SANTA FE, Texas (KTRK) — Law enforcement sources confirm to ABC13 at least 8 people are dead following a shooting inside Santa Fe High School.

The Harris County Sheriff’s Office says one suspect is in custody and a second one is detained. According to law enforcement agencies, it appears the shooter is a student.

The school district just issued the following statement: “This morning an incident occurred at the high school involving an active shooter. The situation is active, but has been contained. There have been confirmed injuries. Details will be released as we receive updated information. Law enforcement will continue to secure the building and initiate all emergency management protocols to release and move students to another location. All other campuses are operating under their regular schedules.

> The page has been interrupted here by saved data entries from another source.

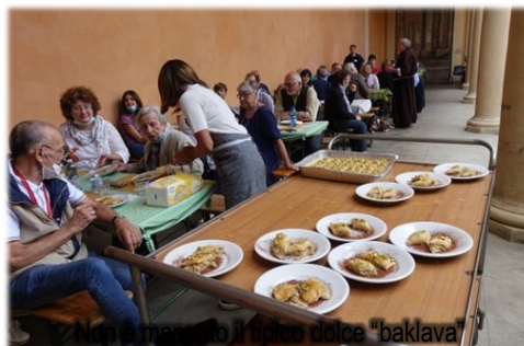
Allo spuntino il dolce "baklava"
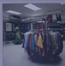
تصاميم من المصنع التي شارك في إجراء المسح

أن هذا الدور هو مسؤولية المؤسسات ذاتها إلا أن أحد المستثمرين من ذوي الآراء يرى أن نجاح أعماله يتوقف عليه شخصياً، حيث قال .. ( لقد قامت الهيئة الملكية الجبيل وبيع بدأت فور كبير في تطوير مدينة الجبيل الصناعية ومساندة عمليات الاستثمار التجاري .. وقامت أيضاً بإنشاء التجهيزات الأساسية بالمدينة ولا أعتقد أنه ينبغي أن نترقب منها أن تفعل أكثر من ذلك ) .
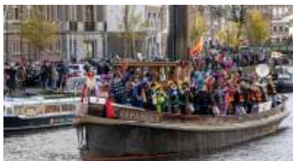
De bescheiden boot van Sinterklaas dit jaar.

Haarlem Zondagmiddag zetten Sinterklaas en zijn Pieten weer veilig voet aan wal in Haarlem. Toch keken volwassen toeschouwers met een schuin oog over het Spaarne: waar is de oude vertrouwde pakjesboot gebleven?
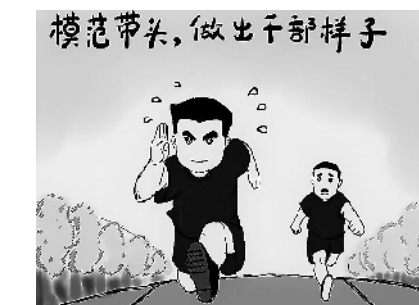
模范带头,做出干部样子
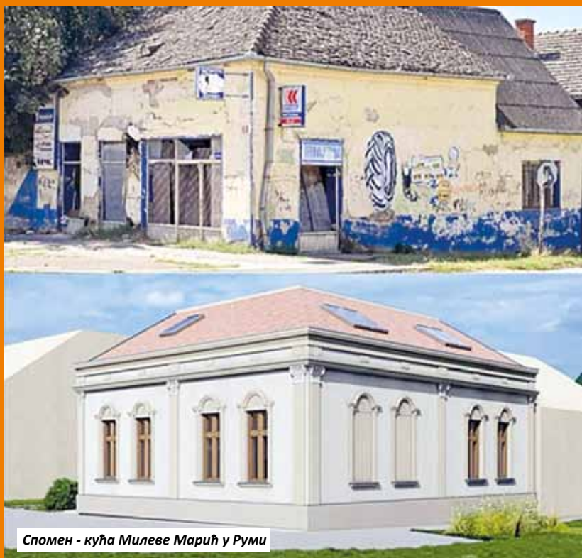
Спомен - кућа Милеве Марић у Руми

Рођена је 19. децембра 1875. године у Тителу, а у Руми је живела од 1877. до 1885. године. У Руми се приводе крају радови на Спомен-кући у којој је живела физичарка и математичарка Милева Марић Ајнштајн. Радови обухватају уређење интеријера и поставку изложби. Кућа у Железничкој улици, број 38, постаће меморијални простор посвећен једној од најзначајнијих жена у науци и биће место где ће се спајати наука, култура и наслеђе.
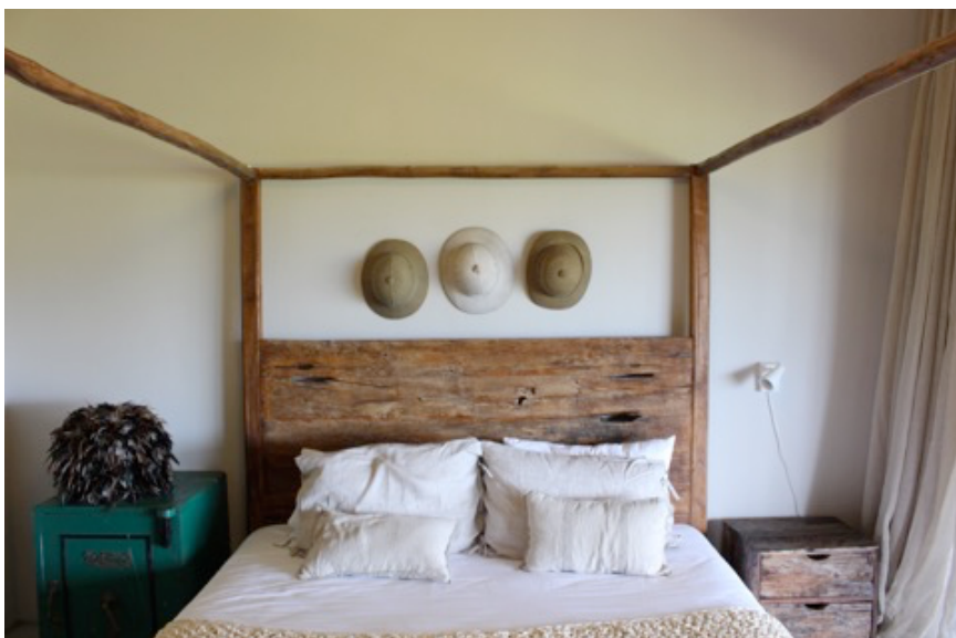
Es gibt 2 Schlafzimmer für 4 Personen
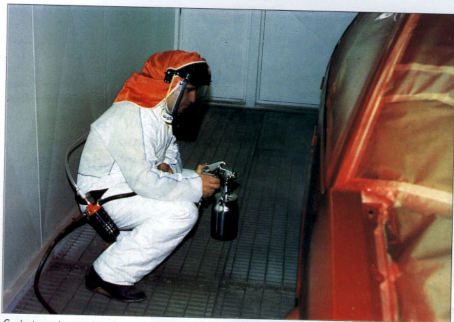
Conjunto equipo respiratorio.

una absoluta autonomía para desplazarse libremente por toda la zona de pintura.
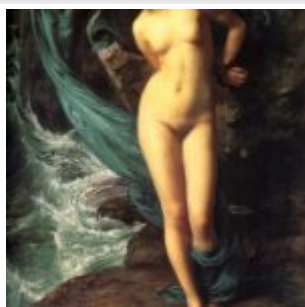
Пойнтер, Эдвард Джон. Андромеда 1869
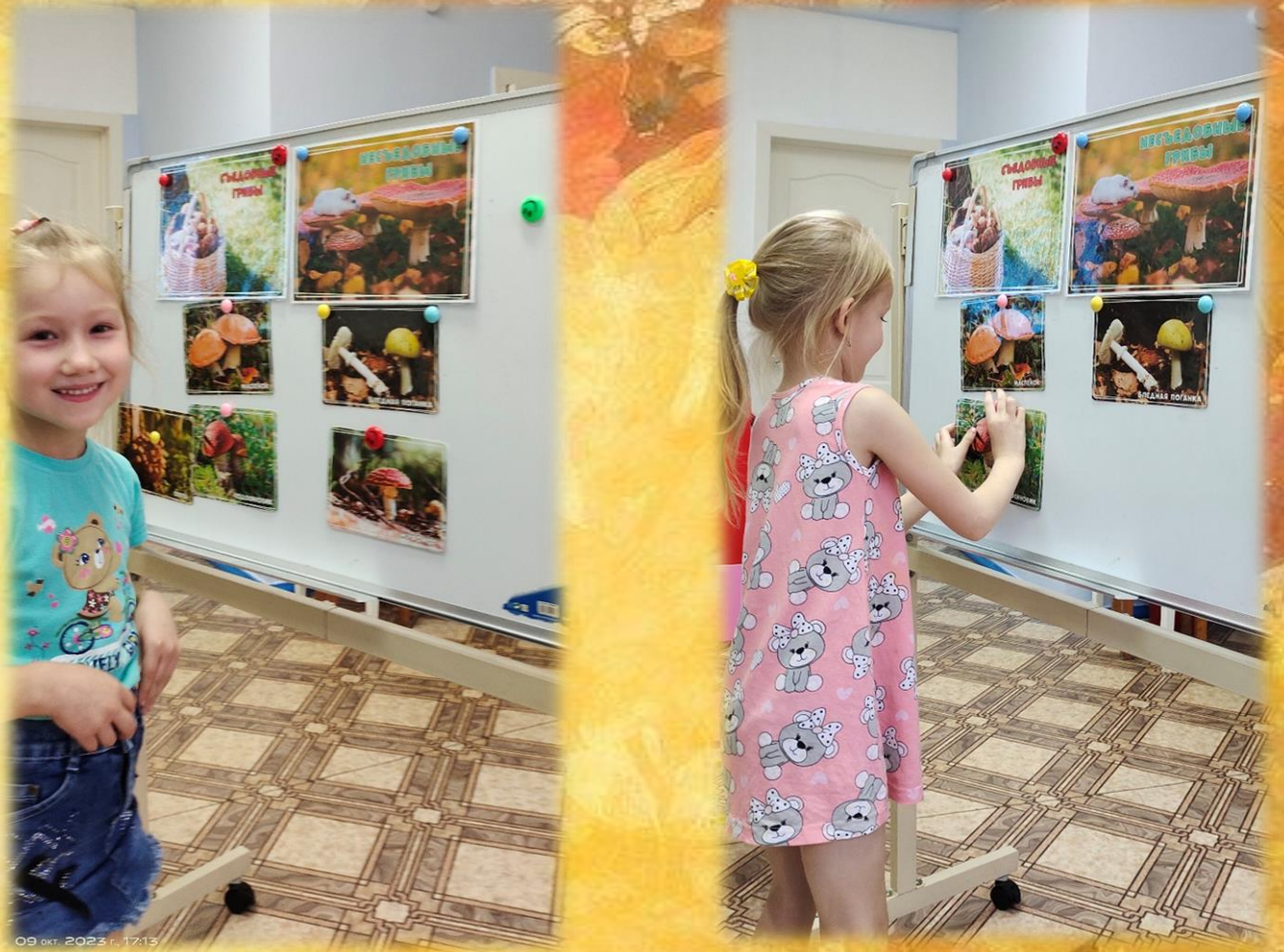
Дидактическая игра «Съедобные и несъедобные грибы»
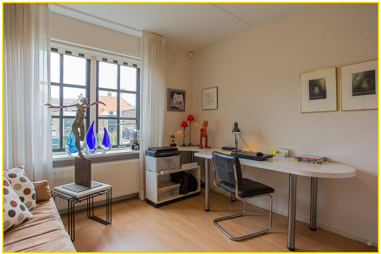
Slaapkamer met eigen ...
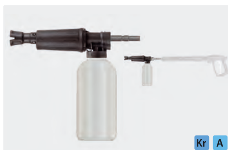
Coupleur KW. Canons à mousse avec doseur et bidon. Max. 300 bar / 80 °C
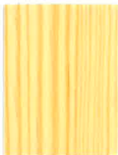
BOISÉA MAT ÉVOLUTION INCOLORE
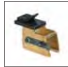
Adapter Set für Erweiterung des Durchmessers um 4 Zoll
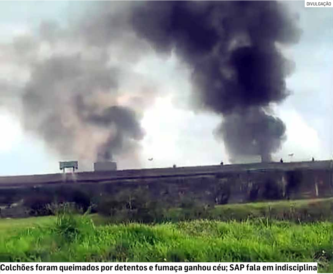
Colchões foram queimados por detentos e fumaça ganhou céu; SAP fala em indisciplina
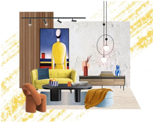
Рис. 5. Умовність трактування простору при створенні колажу
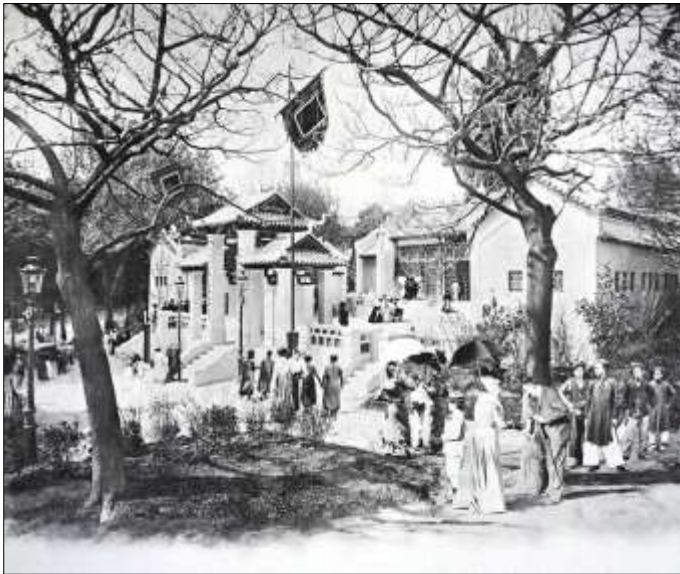
Ci-dessus : Pavillon de l'Exposition coloniale à Nogent (1907)
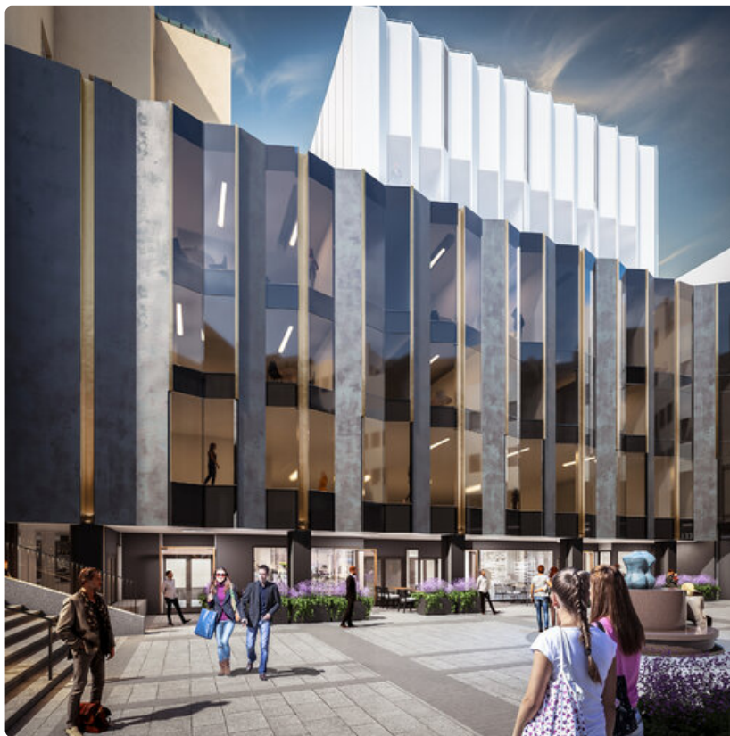
Grand Hansa -hotellin julkisivu Kaivopihalta katsottuna.

Ylvan tavoitteena on saattaa hotellityömaa valmiiksi vuoden 2023 loppuun mennessä, ja uuden hotellin on tarkoitus avautua vuoden 2024 alkupuolella. Minor Hotels tiedottaa avautumisen aikataulusta myöhemmin syksyllä
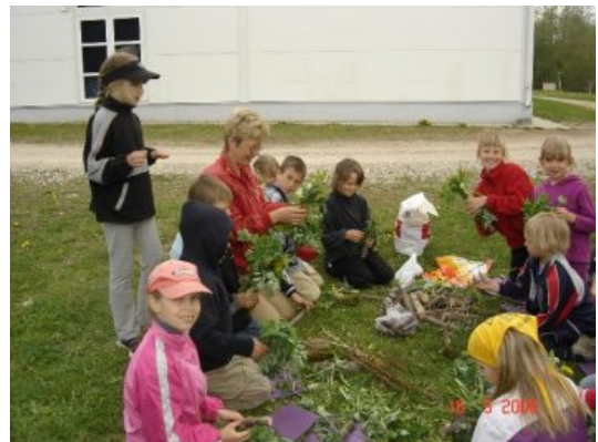
Meisterdamine looduslikust materjalist
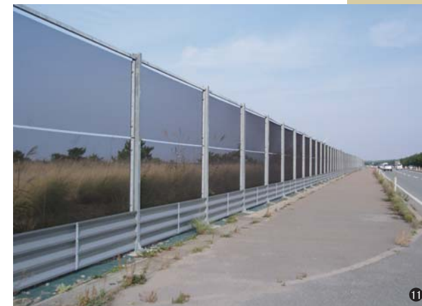
⑪樹脂ネット防雪柵(秋田県) RP-315M
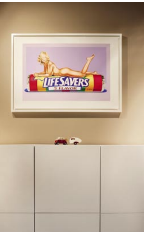
ВЪРХУ НИСКАТА МАСА TURN НА NUBE ITALIA (WWW.NUBEITALIA.COM) – СТАТУЕТКА PUPPY LOVE НА FRANCOIS VAN REENEN, ЮЖНА АФРИКА. НАД ШКАФА – LIFESAVERS, ПОРТРЕТ НА АКТРИСАТА УМА ТЪРМАН ОТ МЕЛ РАМОС, 2006 Г.
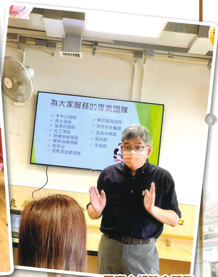
同事介紹院舍服務
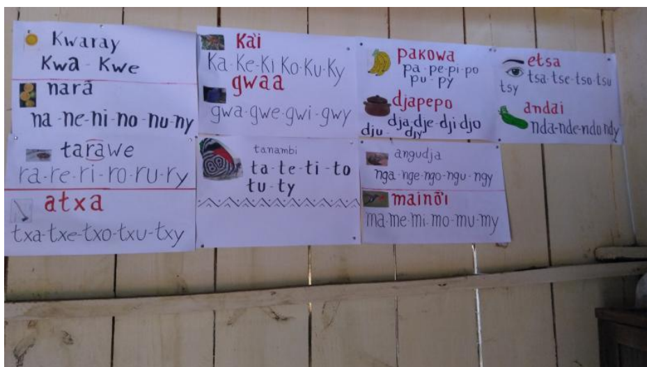
Materiais produzidos por professores e estudantes guarani. T.I. Posto Velho
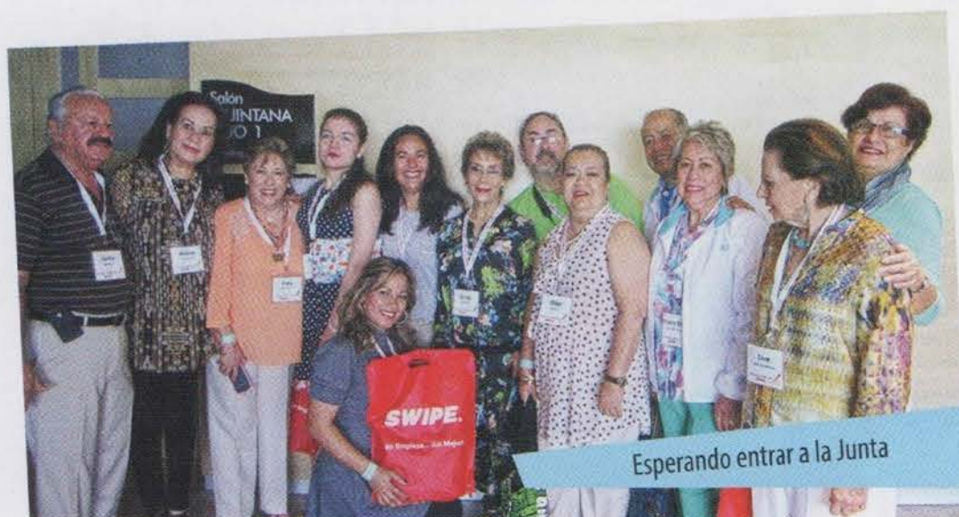
Esperando entrar a la Junta
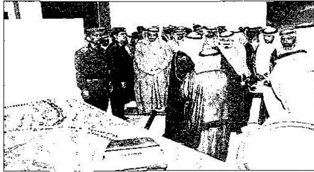
الملك ي دشّن المدينة الاقتصادية في رباغ أحس
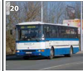
Karosa C954E.1360 – r. v. 2005
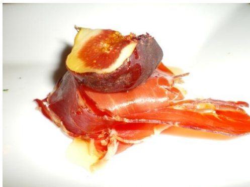
In der Haute Cuisine bezeichnet Einfachheit oft grossartige Speisen. Hier die Tapas Valencia unter zwei Blicken.

At this time, students from the high school are being transported by SFISD transportation to the Alamo Gym located at 13306 Highway 6. Parents may reunite with their students at this location.
The district will continue to keep you updated as information is available. Safety and communication are our top priorities.”

Witnesses say the shooting took place in an art class on campus between 7:30 and 7:45 a.m.

Santa Fe Police, Galveston County Sheriff’s Office, ATF and FBI agents have all responded to the school at 16000 Highway 6.

Students were earlier lined up outside the school, and their backpacks were taken up by law enforcement.

Life Flight was also called to the scene.

Sophomore Leila Butler tells ABC13 that at about 7:45 a.m. fire alarms went off and students left their classrooms. She said some students heard shots before sheltering off campus.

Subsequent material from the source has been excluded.